It has been said that the Cultural Revolution began with the revolution in Peking opera. The Red Lantern played a significant part in the opening phase of the movement, praised officially by the authorities as 'a high quality modern Peking opera' after its first performance in Beijing in 1964 and subsequent revised performances in Shanghai and Guangdong in the following year, after which it was taken as a model for all varieties of regional Chinese operas. It was the most frequently performed of all these works between 1964 and 1966.

In Praise of Longjiang
The revolutionary Peking opera in Praise of Longjiang was the collective effort of the Shanghai Drama Group. It was arranged from a drama of the same title by Jiang Wen, Chen Shu and others. The drama received an outstanding award from the Chinese Cultural Ministry in the year of its first performance, 1963.
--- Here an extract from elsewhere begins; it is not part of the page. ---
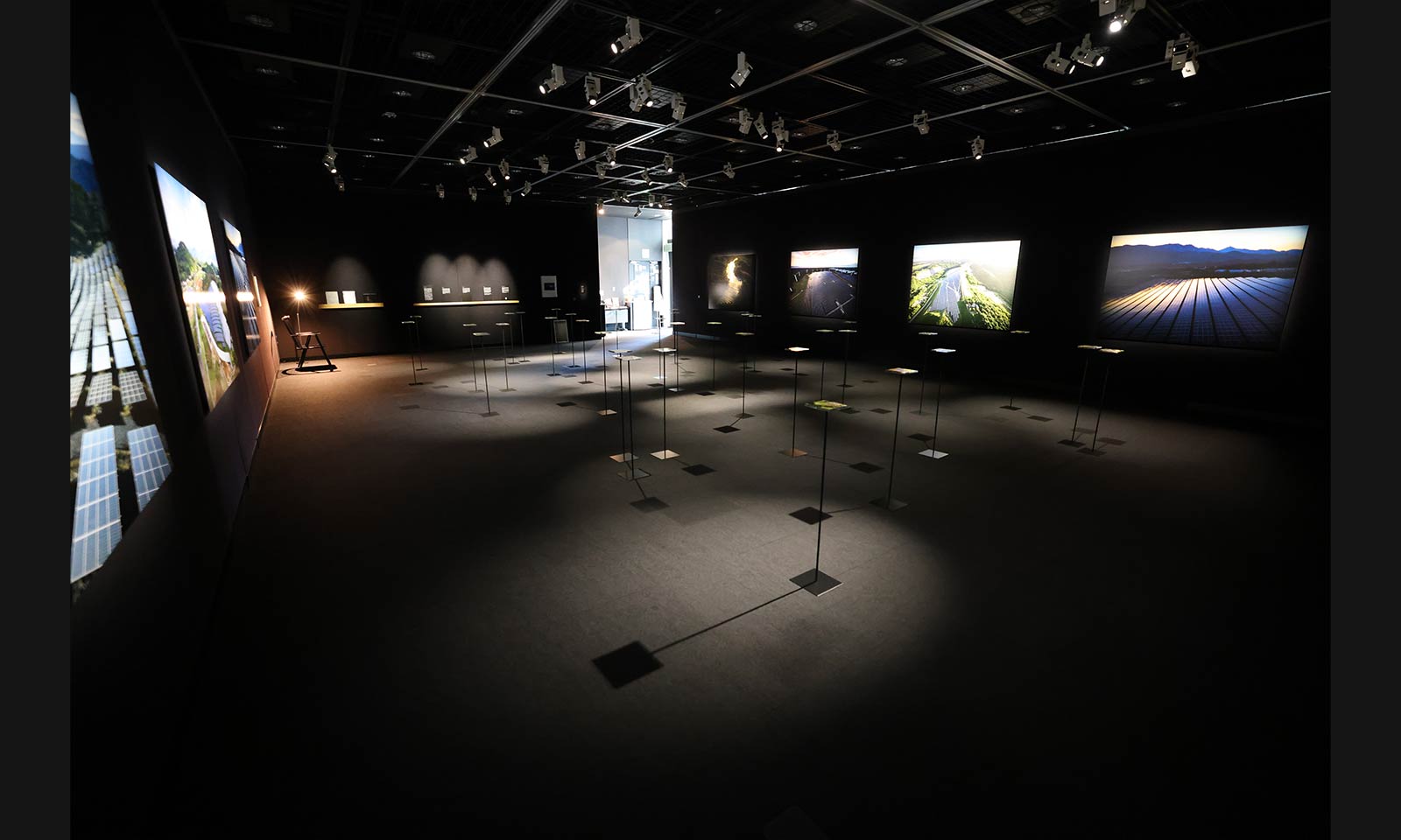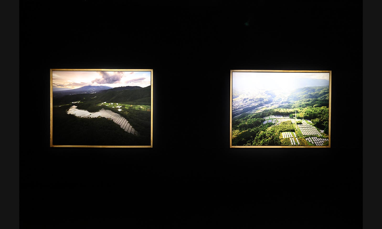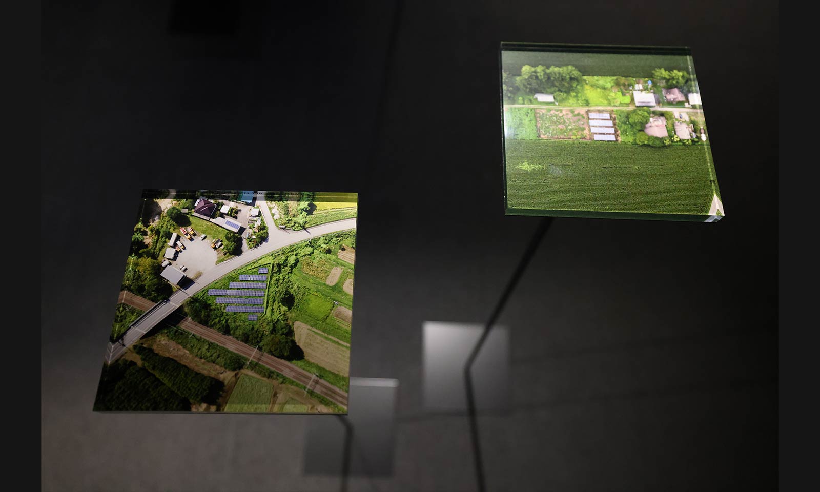 本展では、北杜市に太陽光パネルが設置されている景観を写した作品9点と、太陽光パネルを真上から捉えた作品35点を、地理座標をイメージした配置で展示します。自身が写真を撮影する意味や作品を発信することに伴う責任感を抱えながら研究を続けていることをイメージしたラボ空間、そして氏が写した風景を通して、今この地球で起こっていることや写真になにができるのかを鑑賞者に語りかけます。
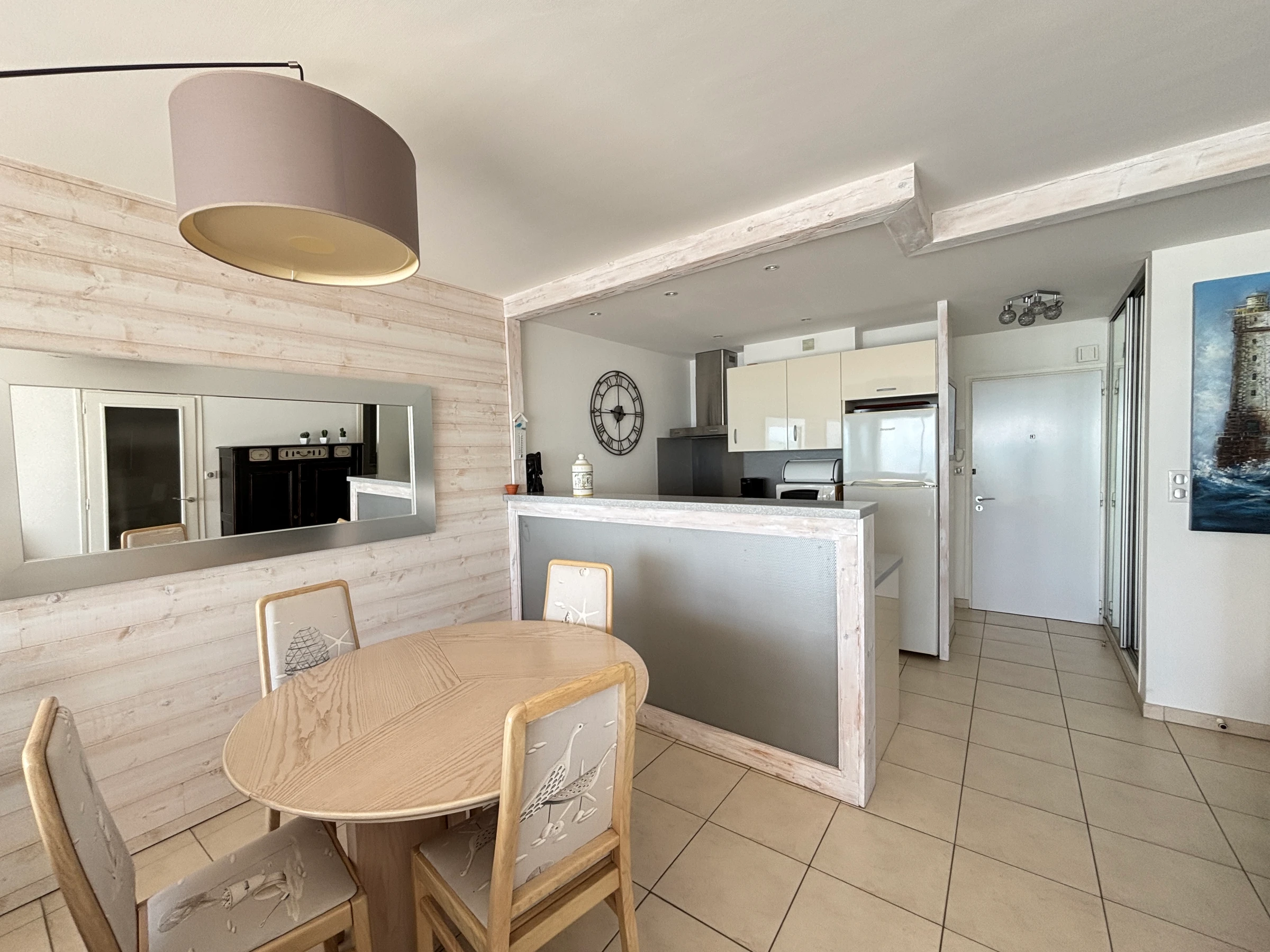 On the 9th floor of Les Sables-d'Olonne's embankment, facing the beach, this 2-star furnished apartment features an entrance hall, separate toilet, a living room with a sofa, television, and balcony with furniture, opening onto the kitchen with an oven, dishwasher, microwave, refrigerator-freezer, and induction hob with extractor hood. There is a bathroom with a shower and washing machine. A sleeping alcove with a 140x190 cm bed and a 90x190 cm high bed, as well as a second bedroom with two 80x190 cm beds (or 160x190 cm beds) and a balcony facing the beach. Private garage in a nearby residence, 100 meters away.

The opera is in every possible way conceived according to the doctringes laid down by the great promoter of the genre, Jiang Qing. Dramatically, the heroine Jiang Shuiying is built up according to the rule of "three levels of highlighting", that is, the building up of good characters among a large number of characters, the building up of the hero or heroine among the good characters, and the highlighting of the main hero or heroine among heroes and heroines. This is principally achieved by setting different levels of conflict around Jiang Shuiying. At one level, she is in confrontation with Li Zhitian, a committee member of the Longjiang Communist branch who has an image of individualism, owing to his refusal to allow the water much needed in the drought area to go through the three hundred acres of fertile land under his supervision. She is also in conflict with Huang Guozhong, a member of the anti-drought team who tried to prevent the damming of the river, an obvious enough common enemy. Last but not least, she identifies Chang Fu, a team-member with a middle class background, as a capitalist recidivist. Each of the villains creates a contrast with the heroine, who represents the best of Communism at work.

The moral of the opera is in the second scene, which is entitled "Sacrifice the Small to Save the Large". Li Zhitian has to face the dilemma of having to give up his ambition of high productivity and an extra reward if Jiang Shuiying goes ahead with her plan of diverting the Jiulong River to end the drought over the large area of agricultural land near the southern coast of Fujian. The heated dialogue leads very naturally to the famous words of Chairman Mao "Never forget about class struggles". The symphonic suite concentrates attention on heroes rather than villains

Lam Ching Wah

The period is some time in the 1960s. It is spring. Along the southeast coast there is a severe drought and the district committee decides to dam the river beyond the Longjiang embankment. The party secretary Jiang Shuiying calls on the mass of the people for sacrifices and insists on carrying out the committee's decision, giving up three hundred acres of good farmland, giving up part-time income and allowing three thousand acres of open country to be flooded. By bringing water to the area suffering from drought, she inspires self-sacrifice and saves ninety thousand acres of affected land. She composes a song of triumph, praising public spirit and heroism in fighting the elements.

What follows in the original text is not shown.